Once the window closes, the system prepares the unlock on Bitcoin itself. The BTC was originally placed in a Bitcoin-native locking structure with specific cryptographic conditions. Fulfilling those conditions requires coordination and validation, not discretion. This step can vary in duration depending on the staking or covenant design, but it is procedural rather than subjective.
The final phase is Bitcoin settlement. The unlock transaction is broadcast to the Bitcoin network and must receive confirmations before it is considered final. Under normal conditions, this takes anywhere from minutes to over an hour. When confirmations are complete, the BTC arrives at the user’s address. At that point, the process is finished.
In total, a standard redemption cycle is typically measured in days, not minutes. Three to five days is a reasonable expectation under normal network conditions. This timeline is deliberate. Instant redemptions would require pooled liquidity and custodial shortcuts. Lorenzo’s design avoids that by tying every redemption to actual Bitcoin locked under Bitcoin’s own rules.
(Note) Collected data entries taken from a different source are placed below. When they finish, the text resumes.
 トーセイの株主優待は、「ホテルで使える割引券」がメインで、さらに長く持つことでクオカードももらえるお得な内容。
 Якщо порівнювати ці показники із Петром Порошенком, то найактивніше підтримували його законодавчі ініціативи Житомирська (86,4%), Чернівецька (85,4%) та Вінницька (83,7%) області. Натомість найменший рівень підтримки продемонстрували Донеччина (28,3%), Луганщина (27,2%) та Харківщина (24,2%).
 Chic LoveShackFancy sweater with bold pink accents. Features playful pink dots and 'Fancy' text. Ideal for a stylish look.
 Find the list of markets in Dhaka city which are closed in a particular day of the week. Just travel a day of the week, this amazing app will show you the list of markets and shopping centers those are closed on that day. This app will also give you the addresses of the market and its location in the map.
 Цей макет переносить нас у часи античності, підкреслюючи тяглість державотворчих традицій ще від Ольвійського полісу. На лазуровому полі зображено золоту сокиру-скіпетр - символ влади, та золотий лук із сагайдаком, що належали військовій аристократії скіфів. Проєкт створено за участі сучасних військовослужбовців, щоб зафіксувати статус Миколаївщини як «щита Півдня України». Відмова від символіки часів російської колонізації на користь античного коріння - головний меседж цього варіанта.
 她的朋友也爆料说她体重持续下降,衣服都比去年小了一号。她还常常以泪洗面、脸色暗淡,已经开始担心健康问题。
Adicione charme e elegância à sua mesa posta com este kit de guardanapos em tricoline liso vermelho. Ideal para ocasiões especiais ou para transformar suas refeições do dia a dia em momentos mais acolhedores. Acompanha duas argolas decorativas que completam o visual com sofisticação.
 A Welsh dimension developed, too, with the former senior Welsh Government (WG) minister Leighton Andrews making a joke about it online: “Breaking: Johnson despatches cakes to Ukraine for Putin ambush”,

The trade-off is simple and explicit. You wait longer, but you can follow every step. From the initial burn to the final Bitcoin transaction, the process is observable and auditable. The delay is not friction added by an intermediary. It is the cost of maintaining non-custodial integrity across chains.
A short story to close:
I explained this redemption flow to my friend 赵磊 over coffee. He frowned at the timeline and said it felt slow. Then he paused and laughed. “Bitcoin was never about speed anyway,” he said. “It was about knowing where your money actually is.” We didn’t talk about yield after that. We talked about patience.